(Source data)
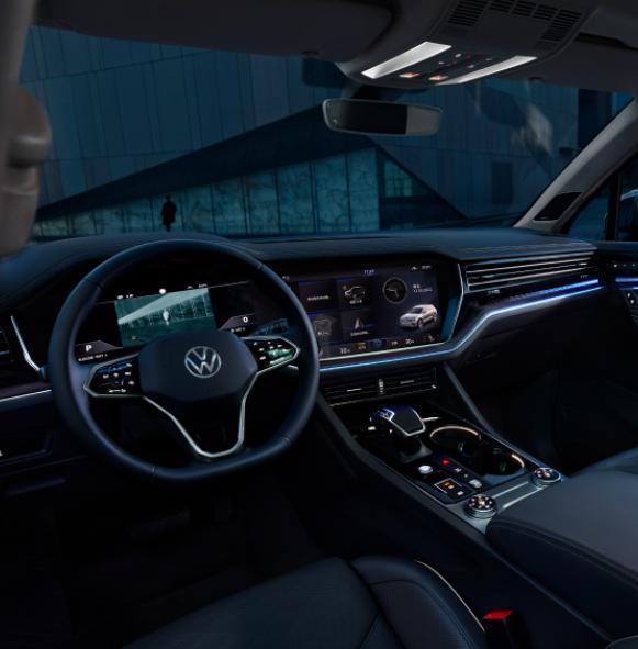 此外,外观、内饰设计也进行了升级,现在经销商主推的就是黑武士的外观。整个外观设计是全黑的造型,不仅车身是黑的,并且轮毂格栅全部都是熏黑的设计,搭配上22英寸的大轮毂,颜值部分依然优秀。车身数据部分,这款大众途锐的长宽高分别为4913/1984/1697mm,轴距是2899mm!很可惜这款新车只有5座,而没有7座的,与竞争对手奥迪Q7相比,座椅的布局还是略微欠缺了一些。但是有一说一,奥迪Q7也已经濒临停产,所以说卖得好不好,其实和座椅的个数真没什么太大的关联性。
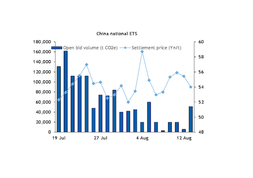 The bulk agreement was done on 9 August at an average price of Yn50.39/t, 5.5pc lower than the open bid price on the same day. Open bid trading volume was just 3,010t of CO2e on 9 August, the lowest since the ETS launched in July.
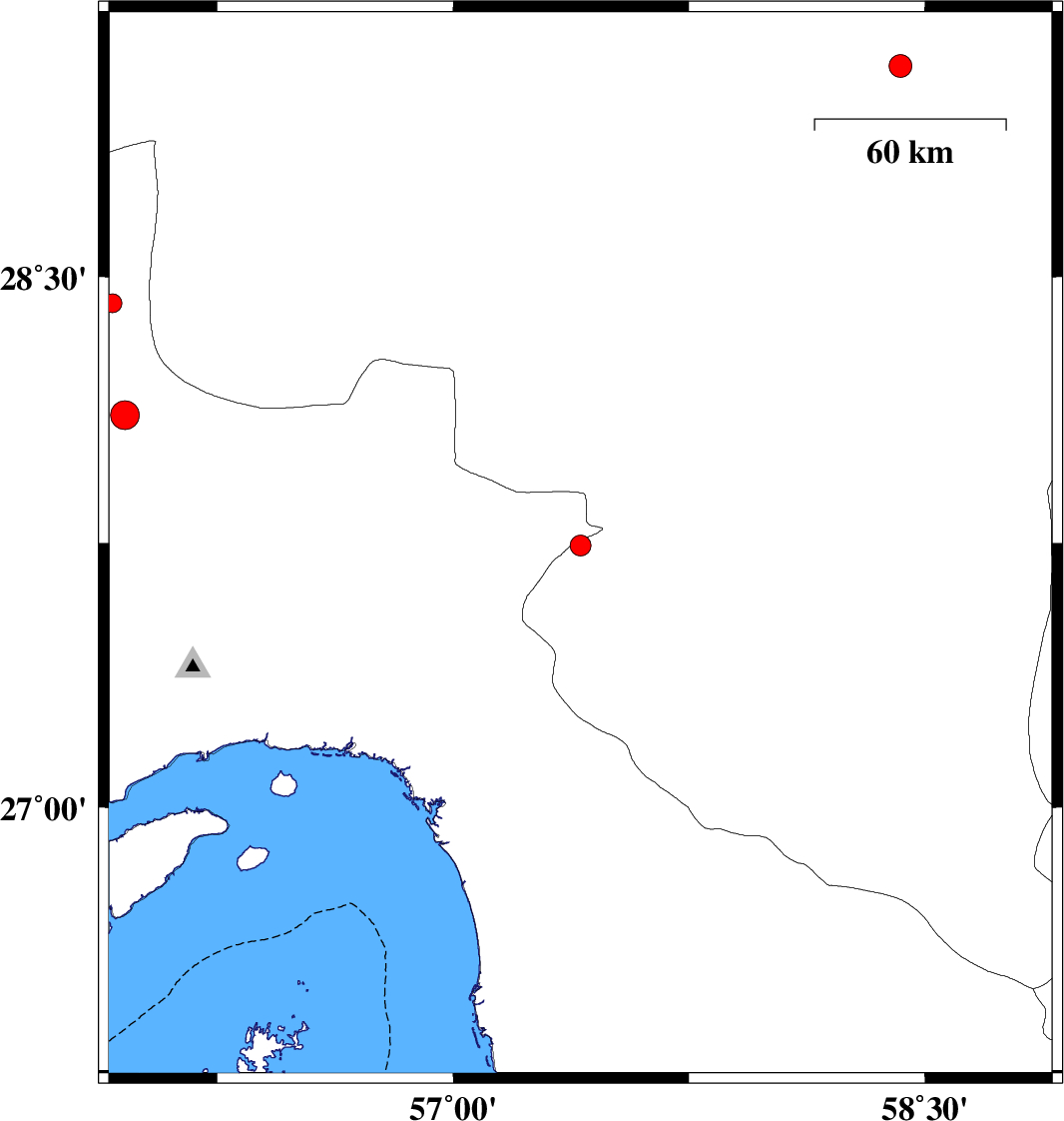 | 2019/02/14 | 08:00:47.1 | 11:30:47.1 | 28.111 | 55.956 | 15 | ML4.1 | Hormozgan Province, 23 km South of Hajiabad |
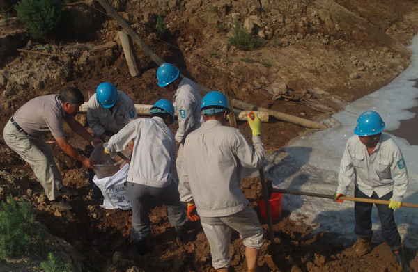 職工在準備防汛泥袋 8月1日,徐圩供電所落實公司防臺風緊急會議精神,積極做好臺風防御工作準備。 該所切實增強防臺風的責任感,迅速落實防御措施,對轄區(qū)內電力設施進行拉網式檢查,潛水泵、電線桿、應急燈、防汛泥袋等物資準備到位。加強24小時值班,堅守崗位,切實提高防汛抗災能力,確保供電。(馬德松)
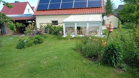 Der Ferienwohnung vorgelagert ist ein etwa 11 m² großer Wintergarten, von dem aus Sie in alle Richtungen in unseren hinteren Gartenteil mit alten Obstbäumen und neu angelegten Blumenbeeten schauen. Sie sitzen förmlich im Grünen. Ausgestattet mit Esstisch und zwei bequemen Rattansesseln eignet sich der Wintergarten ebenso zum Frühstücken.
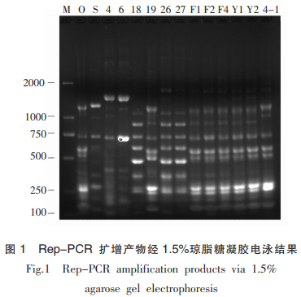 以細(xì)菌基因組DNA為模板,參考Silva等的方法,利用設(shè)計(jì)的BOX引物(引物序列見表2)進(jìn)行rep-PCR擴(kuò)增。待擴(kuò)增完成后,將PCR產(chǎn)物進(jìn)行1.5%的瓊脂糖凝膠電泳并在UV燈下觀察電泳結(jié)果。
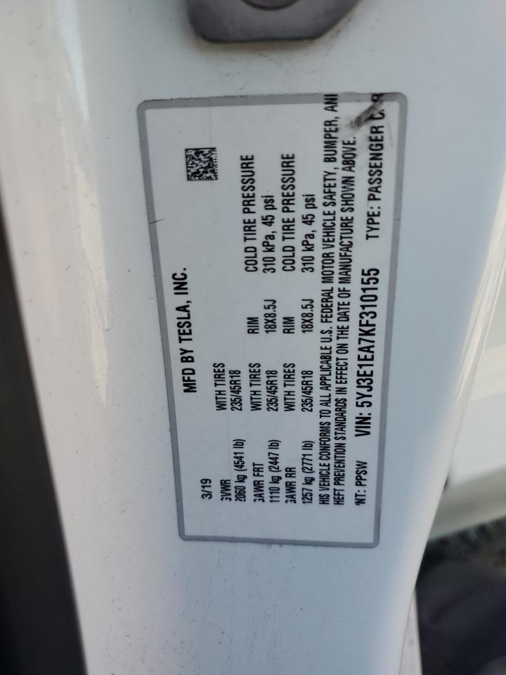 TESLA MODEL 3 2019 р.в., Задній привід (5YJ3E1EA7KF310155) з США
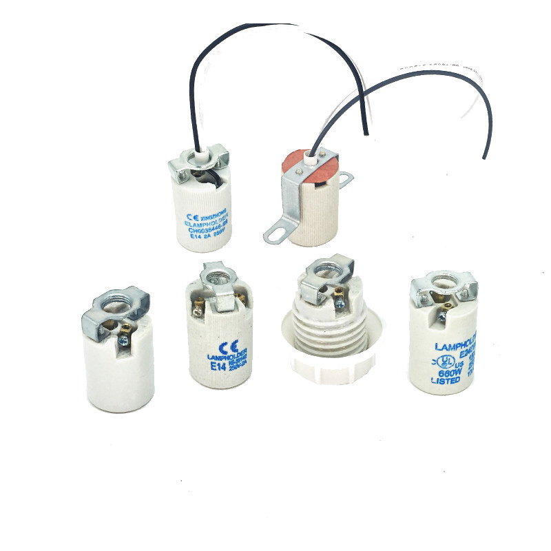 E14 Ceramic lamp head iron bracket all copper core resistant high temperature 7 characters small screw candle bulb lamp cord cord
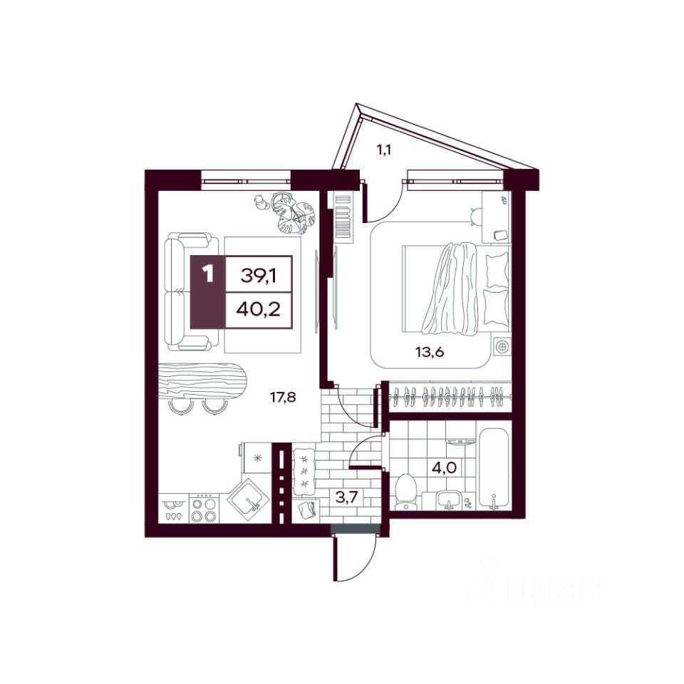 Жилая площадь13,6 м²

§ **TASK INSTRUCTIONS**: Repeat the records above exactly, without any pictures.

§ **SOLUTION FOR THIS PROBLEM**:
 此外,外观、内饰设计也进行了升级,现在经销商主推的就是黑武士的外观。整个外观设计是全黑的造型,不仅车身是黑的,并且轮毂格栅全部都是熏黑的设计,搭配上22英寸的大轮毂,颜值部分依然优秀。车身数据部分,这款大众途锐的长宽高分别为4913/1984/1697mm,轴距是2899mm!很可惜这款新车只有5座,而没有7座的,与竞争对手奥迪Q7相比,座椅的布局还是略微欠缺了一些。但是有一说一,奥迪Q7也已经濒临停产,所以说卖得好不好,其实和座椅的个数真没什么太大的关联性。
 The bulk agreement was done on 9 August at an average price of Yn50.39/t, 5.5pc lower than the open bid price on the same day. Open bid trading volume was just 3,010t of CO2e on 9 August, the lowest since the ETS launched in July.
 | 2019/02/14 | 08:00:47.1 | 11:30:47.1 | 28.111 | 55.956 | 15 | ML4.1 | Hormozgan Province, 23 km South of Hajiabad |
 職工在準備防汛泥袋 8月1日,徐圩供電所落實公司防臺風緊急會議精神,積極做好臺風防御工作準備。 該所切實增強防臺風的責任感,迅速落實防御措施,對轄區(qū)內電力設施進行拉網式檢查,潛水泵、電線桿、應急燈、防汛泥袋等物資準備到位。加強24小時值班,堅守崗位,切實提高防汛抗災能力,確保供電。(馬德松)
 Der Ferienwohnung vorgelagert ist ein etwa 11 m² großer Wintergarten, von dem aus Sie in alle Richtungen in unseren hinteren Gartenteil mit alten Obstbäumen und neu angelegten Blumenbeeten schauen. Sie sitzen förmlich im Grünen. Ausgestattet mit Esstisch und zwei bequemen Rattansesseln eignet sich der Wintergarten ebenso zum Frühstücken.
 以細(xì)菌基因組DNA為模板,參考Silva等的方法,利用設(shè)計(jì)的BOX引物(引物序列見表2)進(jìn)行rep-PCR擴(kuò)增。待擴(kuò)增完成后,將PCR產(chǎn)物進(jìn)行1.5%的瓊脂糖凝膠電泳并在UV燈下觀察電泳結(jié)果。
 TESLA MODEL 3 2019 р.в., Задній привід (5YJ3E1EA7KF310155) з США
 E14 Ceramic lamp head iron bracket all copper core resistant high temperature 7 characters small screw candle bulb lamp cord cord
 Жилая площадь13,6 м²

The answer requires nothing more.